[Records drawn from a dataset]
*** Begin section ***

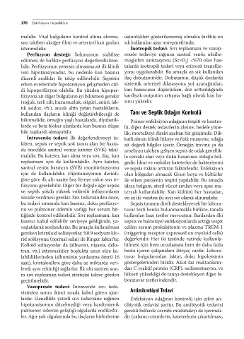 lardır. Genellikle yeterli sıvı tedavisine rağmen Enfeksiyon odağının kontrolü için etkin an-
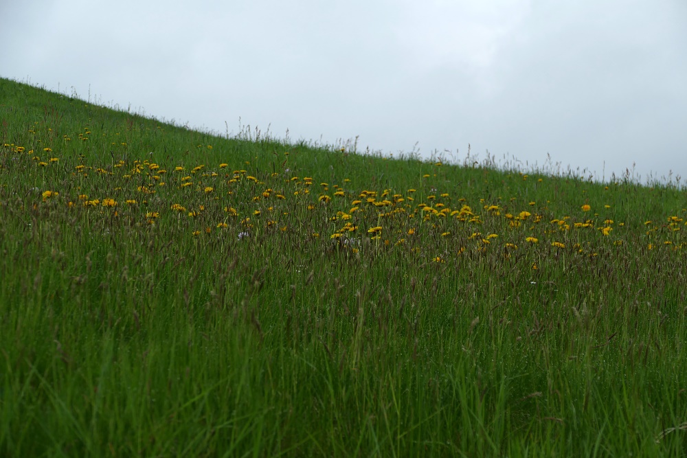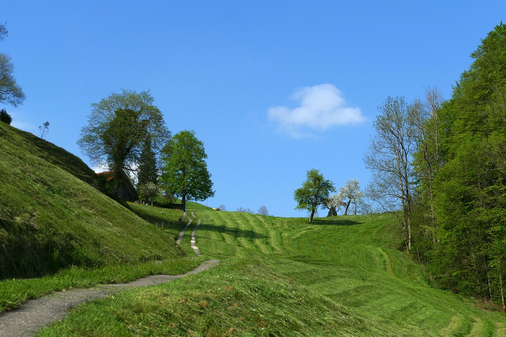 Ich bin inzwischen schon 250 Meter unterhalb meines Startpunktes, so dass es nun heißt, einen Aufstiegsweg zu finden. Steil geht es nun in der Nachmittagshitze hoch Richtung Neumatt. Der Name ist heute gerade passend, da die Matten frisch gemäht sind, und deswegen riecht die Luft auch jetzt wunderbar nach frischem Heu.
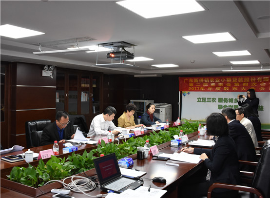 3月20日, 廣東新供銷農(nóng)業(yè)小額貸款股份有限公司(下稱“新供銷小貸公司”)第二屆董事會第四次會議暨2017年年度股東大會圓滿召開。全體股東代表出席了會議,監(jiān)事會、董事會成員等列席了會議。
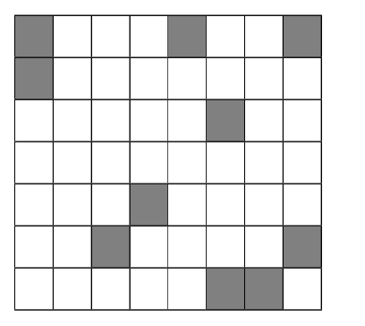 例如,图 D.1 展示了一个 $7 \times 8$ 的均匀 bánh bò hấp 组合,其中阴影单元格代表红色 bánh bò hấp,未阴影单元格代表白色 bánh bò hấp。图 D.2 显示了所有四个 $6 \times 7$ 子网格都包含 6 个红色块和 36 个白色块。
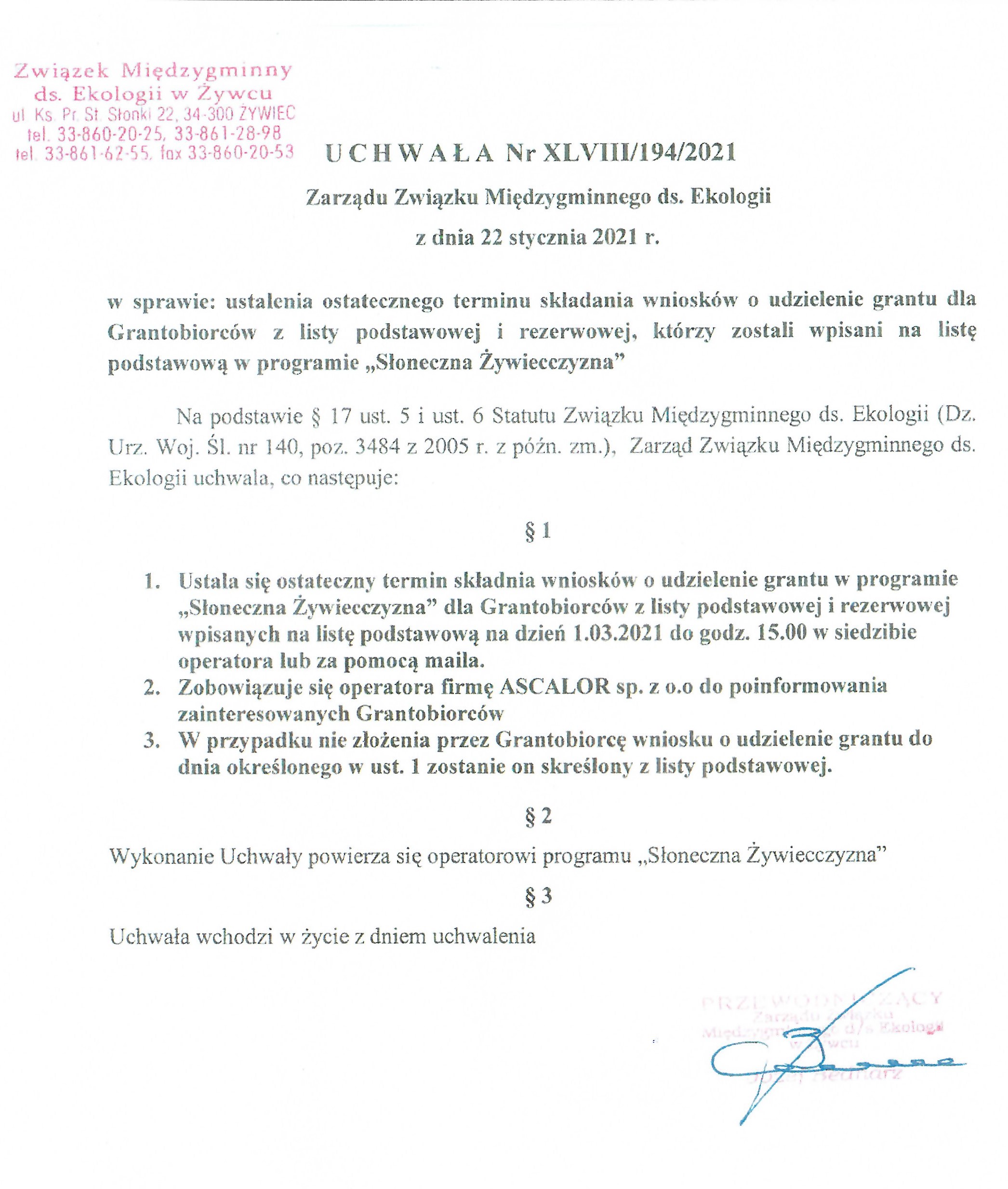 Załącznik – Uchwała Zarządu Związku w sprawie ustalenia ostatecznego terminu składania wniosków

*** End section ***

**WORK ITEM**
Print the entries as they stand, first line through the line holding "3月20日, 廣東新供銷農(nóng)業", with every picture removed.

**EXERCISE SOLUTION**
 lardır. Genellikle yeterli sıvı tedavisine rağmen Enfeksiyon odağının kontrolü için etkin an-
 Ich bin inzwischen schon 250 Meter unterhalb meines Startpunktes, so dass es nun heißt, einen Aufstiegsweg zu finden. Steil geht es nun in der Nachmittagshitze hoch Richtung Neumatt. Der Name ist heute gerade passend, da die Matten frisch gemäht sind, und deswegen riecht die Luft auch jetzt wunderbar nach frischem Heu.
 3月20日, 廣東新供銷農(nóng)業(yè)小額貸款股份有限公司(下稱“新供銷小貸公司”)第二屆董事會第四次會議暨2017年年度股東大會圓滿召開。全體股東代表出席了會議,監(jiān)事會、董事會成員等列席了會議。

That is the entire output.